Infection with Ehrlichia phagocytophila in white-footed mice is transient and followed by a strong immune response. We investigated whether the presence of acquired immunity against E. phagocytophila precludes white-footed mice from further maintenance of this agent in nature. Mice were infected with E. phagocytophila via tick bite and challenged either 12 or 16 weeks later by Ixodes scapularis nymphs infected with the same agent. Xenodiagnostic larvae fed upon each mouse simultaneously with challenging nymphs and 1 week thereafter. Ticks were tested for the agent by PCR, and the prevalence of infection was compared to that in ticks that fed upon nonimmune control mice.
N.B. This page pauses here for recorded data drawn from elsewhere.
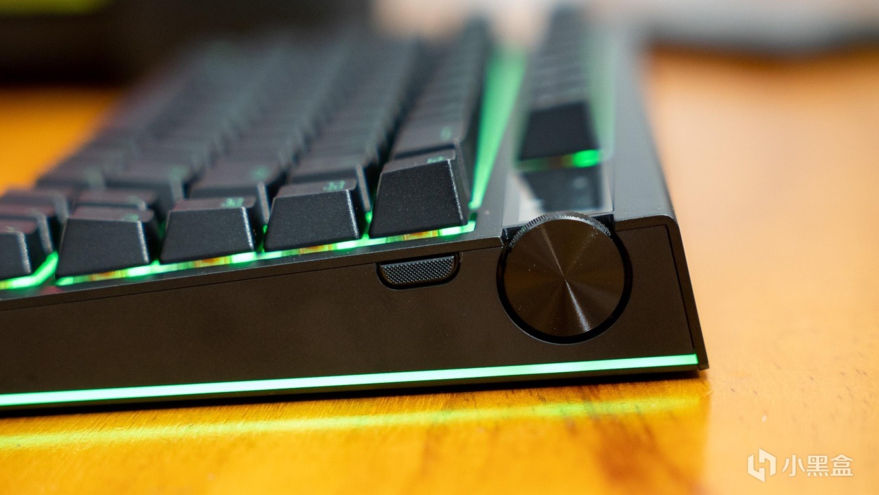 雷蛇黑寡婦蜘蛛V4 無線版專業版兩側的燈帶設計,還支持分區域設置。可以自定義的地方很多,顏值上十分不錯。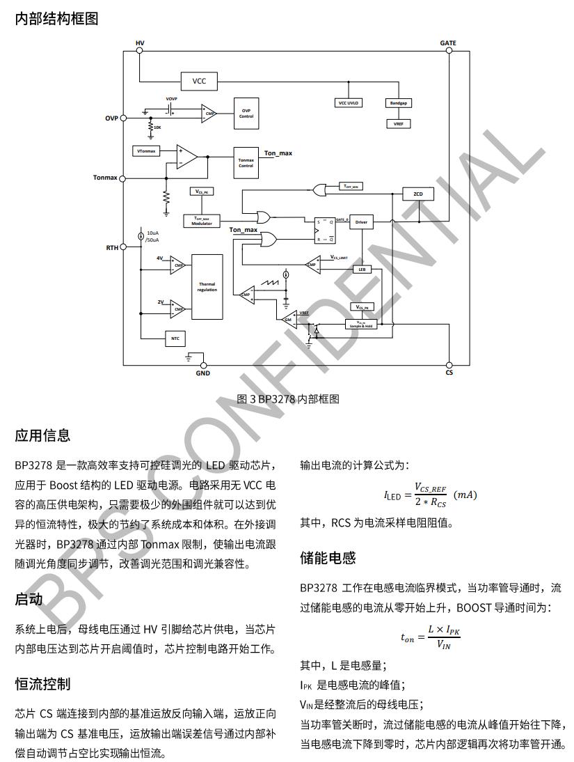 BP3278是一款高效率高PF 值,支持可控硅調(diào)光的 LED驅(qū)動芯片。芯片工作在電感電流臨界連續(xù)模式,適用于Boost結(jié)構(gòu)的LED 驅(qū)動電源。 BP3278芯片采用極驅(qū)動和高壓供電方式,只需要很少的外圍元件,即可實現(xiàn)優(yōu)異的恒流特性,極大的節(jié)約了系統(tǒng)成本和體積。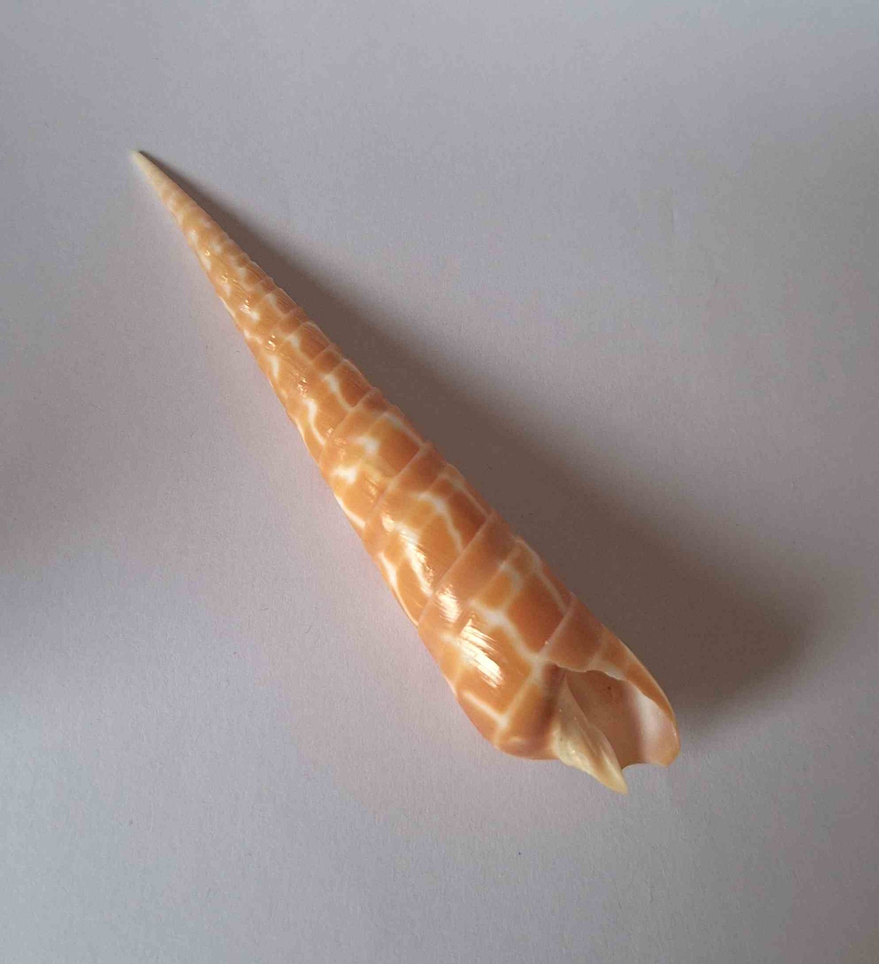 • moc hezký kus, krásná oranžová barva, drobné štípnutí na okraji a špičce (very nice piece, beautiful orange color, minor chip on lip and apex)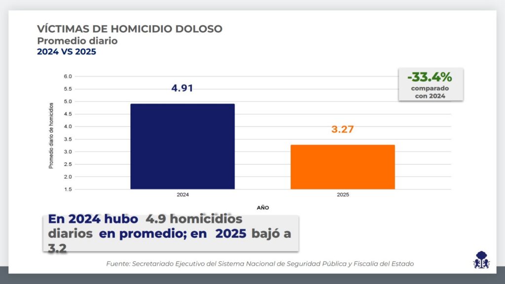 La tendencia anual confirma la consistencia del cambio. En 2019 se registraban en promedio 7.32 homicidios diarios en el estado; para 2025 esa cifra se redujo a 3.27, una baja acumulada de 55 por ciento en seis años. Solo en la comparación entre 2024 y 2025, el promedio diario cayó 33.4 por ciento, de 4.91 a 3.27. La progresión interanual no admite lecturas accidentales: 7.32 en 2019, 7.17 en 2020, 6.49 en 2021, 5.66 en 2022, 5.37 en 2023, 4.91 en 2024, 3.27 en 2025. Una curva descendente que atraviesa administraciones y contextos distintos, pero que en el último tramo presenta su mayor aceleración.

Only 30% of immunized mice sustained cofeeding transmission of E. phagocytophila between simultaneously feeding infected and uninfected ticks, compared to 100% of control mice. An average of 6.3% of xenodiagnostic ticks acquired Ehrlichia from previously immunized mice when fed 1 week after the challenge, compared to 82.5% infection in the control group. Although an immune response to a single infection with E. phagocytophila in white-footed mice provided only partial protection against reinfection with the same agent, the majority of mice were rendered reservoir incompetent for at least 12 to 16 weeks. Immunity acquired by mice during I. scapularis nymphal activity in early summer may exclude a large proportion of the mouse population from maintaining E. phagocytophila during the period of larval activity later in the season.